28
— Сколько?
— Три миллиона.
Он не моргает. Не спрашивает зачем. Ждёт.
— Это… — я замолкаю, сглатываю. — Катя, моя дочь, она разбила машину сына Баграмяна. Она должна три миллиона за ремонт. Ей дали десять дней. Если не отдаст... Её уже… уже били.
Слова вылетают комками, я не могу их удержать. Он слушает. Не перебивает. Пальцы гладят мои скулы, большие пальцы водят по щекам, стирают остатки влаги.
— Они её душили, — продолжаю я. — Синяки на шее, на лице. Она пришла домой, закрылась в комнате и плакала. Она… она меня презирает. Всегда презирала. Но пришла ко мне. Потому что больше не к кому.
Голос ломается. Я закрываю глаза, чтобы не видеть его лица.
— У меня нет таких денег. У меня вообще ничего нет. Только моя квартира, которую я снимаю, и руки, которыми я мою полы. И ты… ты предложил. Квартиру на Патриках. Деньги. Я отказалась. А теперь пришла. Потому что Катя... Потому что если я не достану эти деньги, её…
Я замолкаю. Не могу сказать.
Он молчит. Я открываю глаза. Смотрю на него.
— Это мелочи, — говорит он. Спокойно, без раздумий. Как будто речь не о трёх миллионах, а о трёхстах рублях. — Я улажу этот вопрос за десять минут.
Я смотрю на него, и не верю. Не могу поверить.
— Но есть условие, — продолжает он.
— Какое?
— Ты увольняешься. Переезжаешь ко мне. Живёшь здесь. Спишь в моей постели. Ешь за моим столом. Будешь моей. Полностью. Без оговорок.
Я смотрю на него. В его глаза. Тёмные, спокойные, безжалостные. И понимаю: выбора нет. Не было. С того момента, как Катя села за руль этой машины.
— Да, — говорю я. И это слово выходит сухим, пустым, как осенний лист.
Он кивает. И я жду. Жду, что сейчас он бросит меня на кровать, развернёт, войдёт жёстко, грубо, как в подсобке. Как на подоконнике. Как там, где он брал меня, не спрашивая. Я жду боли. Жду наказания за то, что продалась. Я закрываю глаза, готовлюсь.
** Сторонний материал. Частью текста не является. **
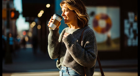 beautiful woman in sweater holding paper cup of coffee on city street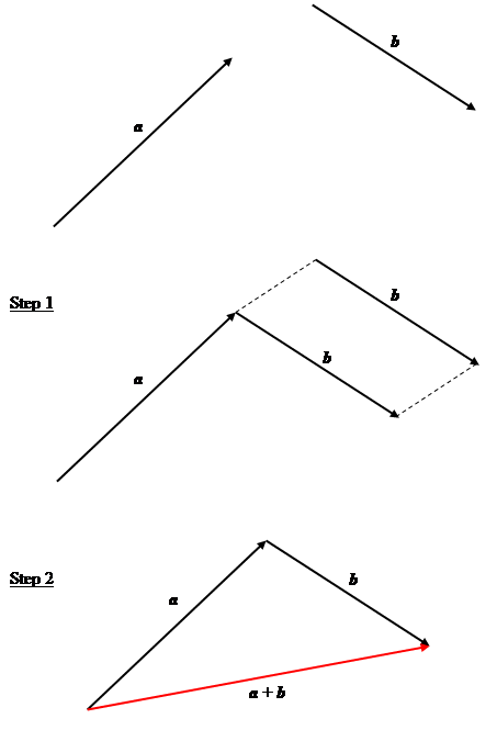 Steps showing addition of two vectors $\mathbf{a}$ and $\mathbf{b}$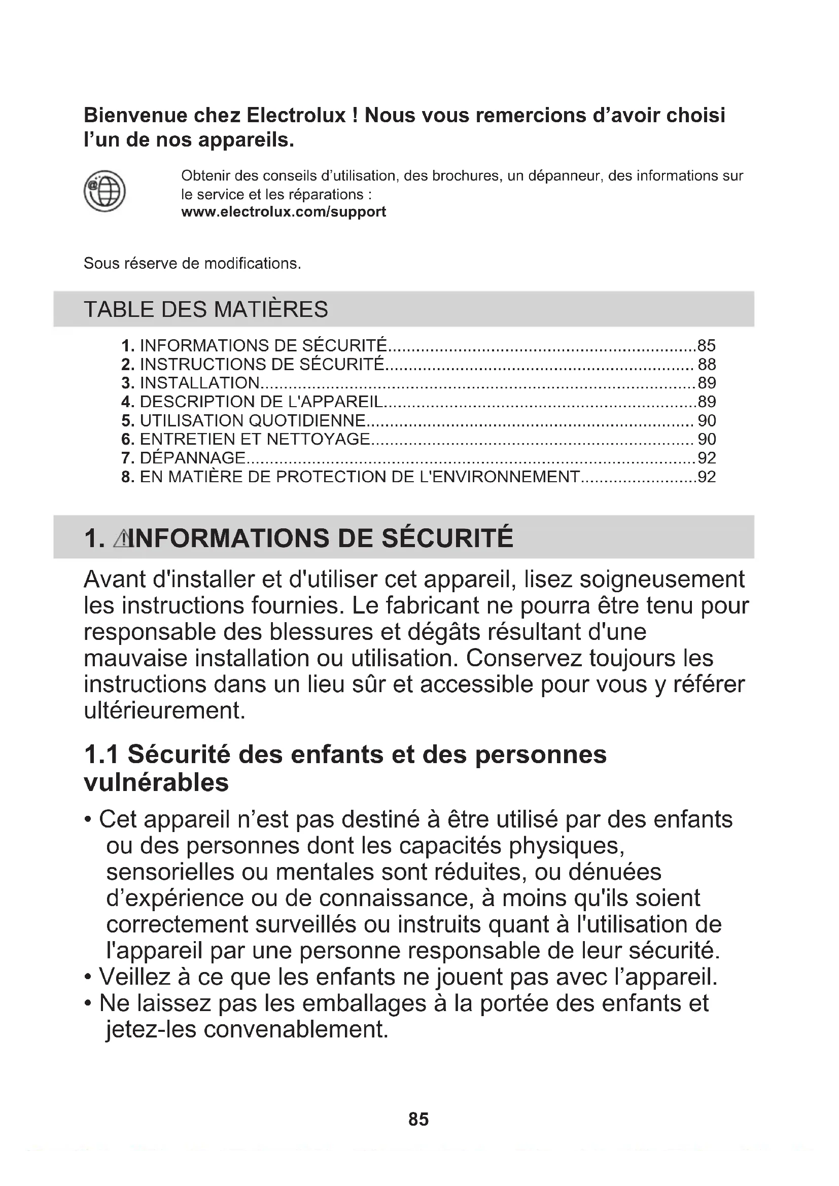 1.1 Sécurité des enfants et des personnes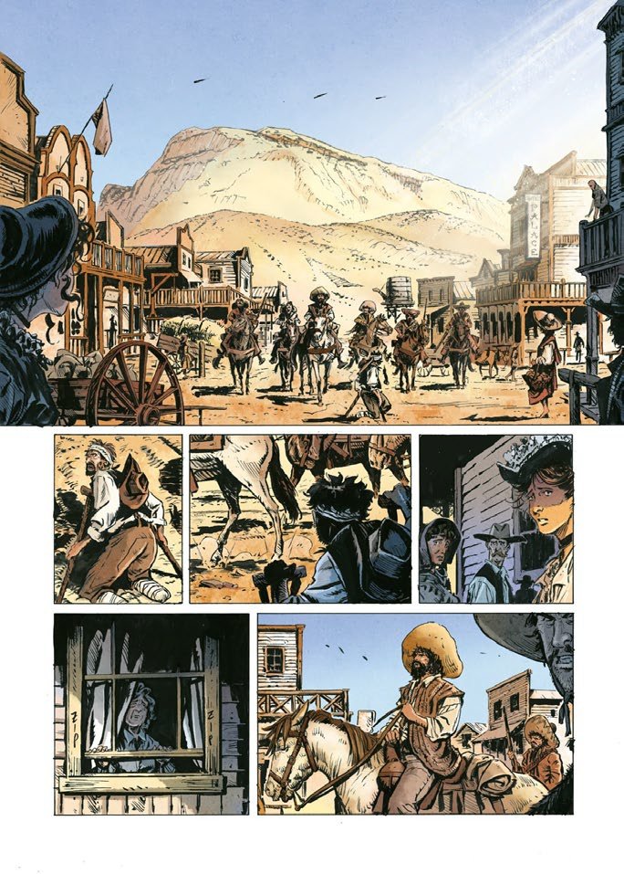 Prévue en trois tomes, cette série western nous promet d'ores et déjà de nombreuses révélations tant le scénariste Christophe Bec distille des pistes narratives secondaires au sein de l'histoire centrale. Tant est si bien qu'on se demande où se situe la trame principale parfois, entre l'enlèvement de l'institutrice par ce curieux mexicain Jésus Blanco le révolutionnaire, cette même professeure qui semble cacher de nombreux secrets, mais aussi le shérif local dissimulant son passé, un Texas ranger métis redresseur de torts lui aussi au lourd passif et enfin un curieux personnage arrivant en ville en même temps que le ranger nous gratifiant de monologues et dissimulant ses intentions. La traque s'organise pour arrêter le révolutionnaire et sa cohorte, sans oublier l'institutrice à sauver, nos deux protagonistes crapahutent dans le désert rocailleux en quête de pistes. C'est un peu nébuleux pour le moment et c'est tant mieux 🙂 . Le scénariste nous balade sans trop en révéler, nous saurons vite au fil des tomes suivants ce qu'il nous réserve ! Pour illustrer ce western, il s'entoure de l'artiste italien Germano Giorgiani qui réalise des planches soignées et détaillées, le tout dans un style réaliste correspondant parfaitement au contexte de l'ouest sauvage américain. Les personnages sont facilement reconnaissables au sein de cette galerie élargie et prometteuse, avec des décors typiques de désert et formations rocheuses agrémentées de cactées tutoyant le ciel. Sandrine Cordurié assure la colorisation avec le talent qu'on lui connaît sur ses travaux dans une autre saga estampillée "western" : West legends (Soleil) . Les ambiances sont fidèlement retranscrites, la chaleur du désert aux notes de rouge chatoyant, mais aussi les nuits fraîches teintées de bleu, le tout embelli par une belle lumière mettant en avant le dessin. Un bon premier tome annonciateur de rencontres et révélations nombreuses par la suite !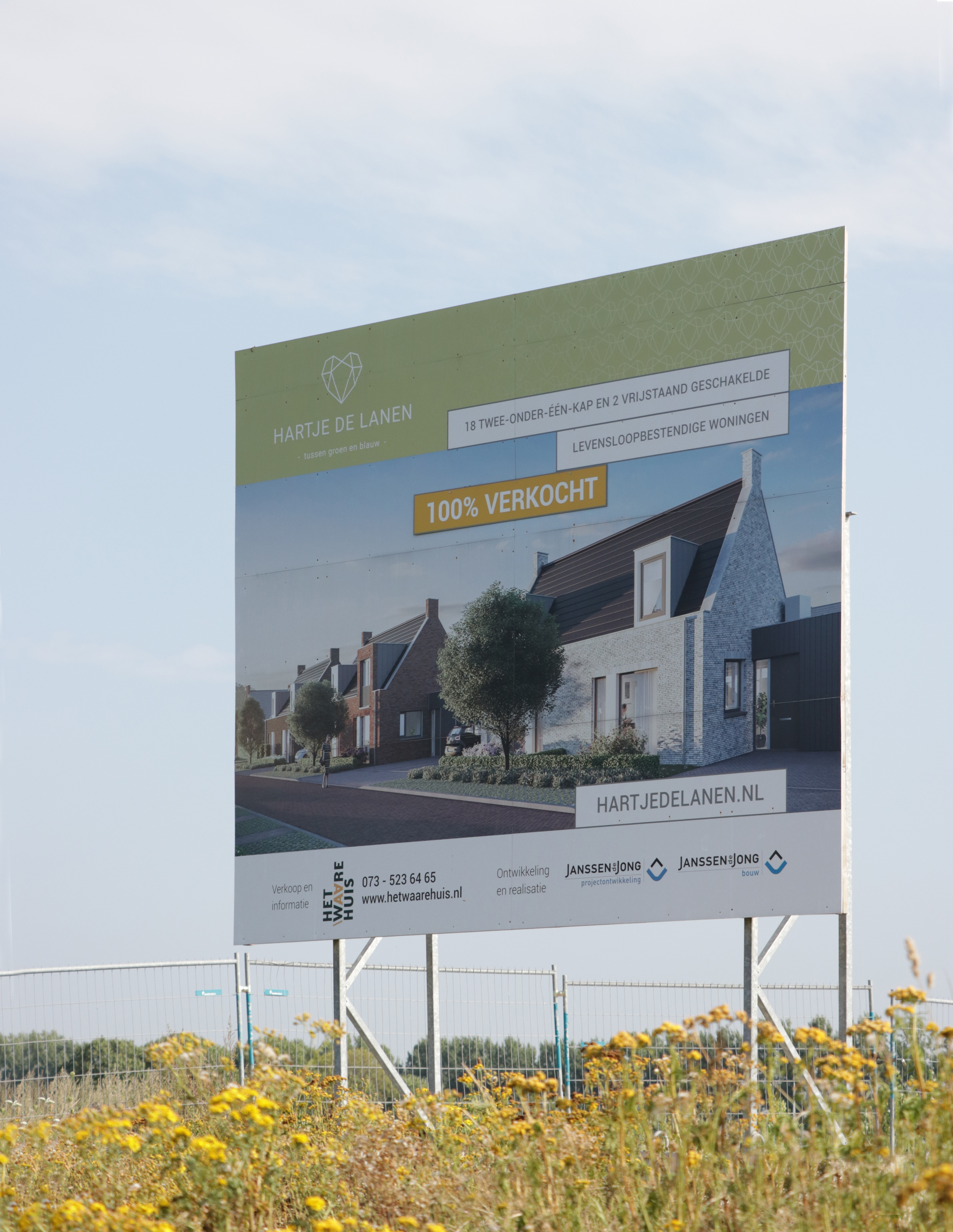 In opdracht van Janssen de Jong verzorgden we dit projectbord op een stalen draagconstructie. Behalve een fraaie verschijningsvorm ook economisch interessant, namelijk volledig te hergebruiken en uitermate stormbestendig.

Но вместо этого я чувствую его губы на своём плече.
Нежные. Мягкие. Они касаются кожи едва-едва, как будто я — из стекла, как будто он боится разбить. Я вздрагиваю, открываю глаза. Он смотрит на меня. Взгляд изменился. В нём нет власти, нет требования. Есть что-то другое. Тёплое. Глубокое.
Его губы скользят выше, по шее, по тому месту, где бьётся пульс. Я чувствую его дыхание — горячее, ровное. Не торопливое. Он медленно ведёт губами по моей коже, и каждый сантиметр, которого он касается, начинает гореть. Не от стыда. От другого. От того, чего я не знала.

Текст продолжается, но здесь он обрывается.